Sommer, R., Eizinger, A., Lee, K.-Z., Jungblut, B., Bubeck, A., & Schlak, I. (1998). The Pristionchus HOX gene Ppa-lin-39 inhibits programmed cell death to specify the vulva equivalence group and is not required during vulval induction. Development, 125(19), 3865-3873. doi:10.1242/dev.125.19.3865.

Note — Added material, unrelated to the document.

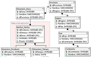 En un almacén de datos o un sistema OLAP, la construcción de Cubos OLAP requiere de una tabla de hechos y varias tablas de dimensiones, estas acompañan a la tabla de hechos y determinan los parámetros (dimensiones) de los que dependen los hechos registrados en la tabla de hechos.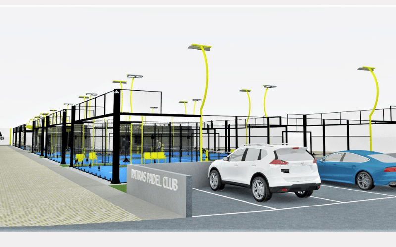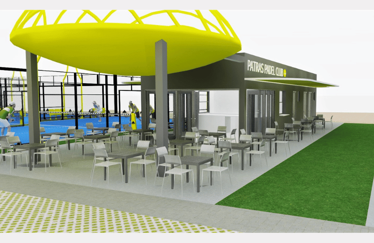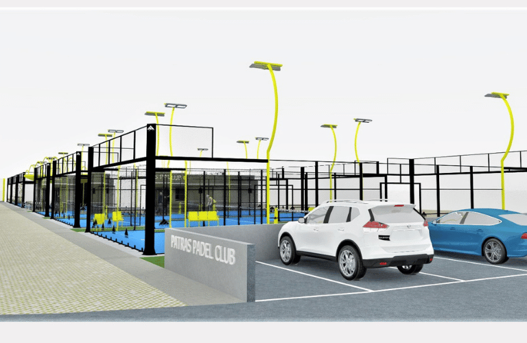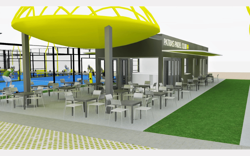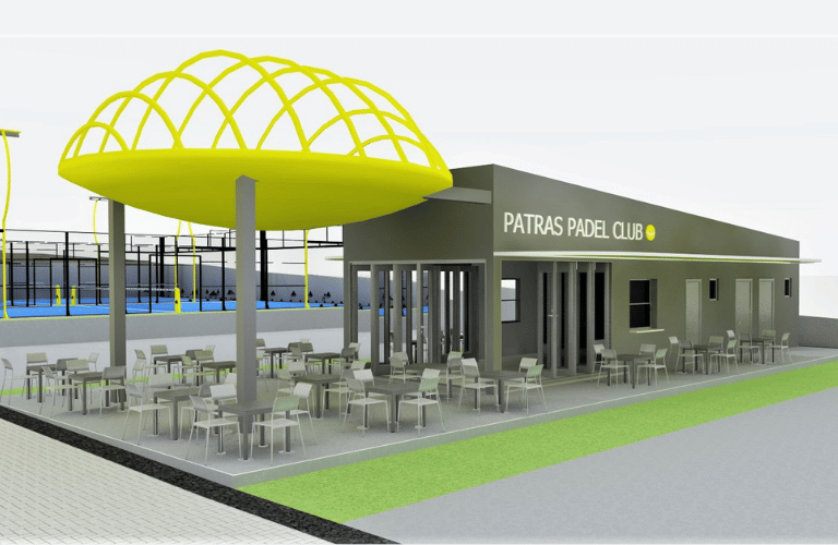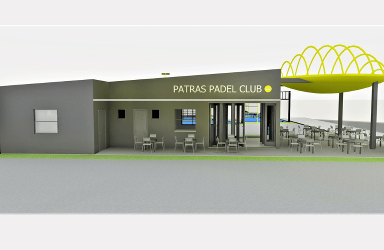 Η αρχιτεκτονική μελέτη για το νέο αθλητικό κέντρο Padel Club σε προάστιο της Πάτρας έχει σχεδιαστεί με στόχο τη δημιουργία ενός σύγχρονου, λειτουργικού και ελκυστικού χώρου άθλησης και κοινωνικής δραστηριότητας. Το συγκρότημα αναπτύσσεται αρμονικά γύρω στο περιαστικό περιβάλλον με τα γήπεδα padel, τα οποία κατασκευάζονται σε συνεργασία με την εταιρεία Adidas, σύμφωνα με τις προδιαγραφές που ορίζει η ομοσπονδία, εξασφαλίζοντας υψηλή ποιότητα επιφάνειας, αντοχή και άνεση κατά το παιχνίδι.

Cite as: https://hdl.handle.net/21.11116/0000-000D-C14A-6

Abstract

In the two nematode species Caenorhabditis elegans and Pristionchus pacificus the vulva equivalence group in the central body region is specified by the Hox gene lin-39. C. elegans lin-39 mutants are vulvaless and the vulval precursor cells fuse with the surrounding hypodermis, whereas in P. pacificus lin-39 mutants the vulval precursor cells die by apoptosis. Mechanistically, LIN-39 might inhibit non-vulval fate (cell fusion in C. elegans, apoptosis in P. pacificus), promote vulval fate or do both. To study the mechanism of lin-39 function, we isolated P. pacificus cell death mutants and identified mutations in ced-3. Surprisingly, P. pacificus ced-3; lin-39 double mutants form a functional vulva in the absence of LIN-39 activity. Thus, in P. pacificus lin-39 specifies the vulva equivalence group by inhibiting programmed cell death. Furthermore, these data reveal an important difference in a later function of lin-39 between the two species. In C. elegans, LIN-39 specifies vulval cell fates in response to inductive RAS signaling, and in P. pacificus LIN-39 is not required for vulval induction. Thus, the comparative analysis indicates that lin-39 has distinct functions in both species although the gene is acting in a homologous developmental system.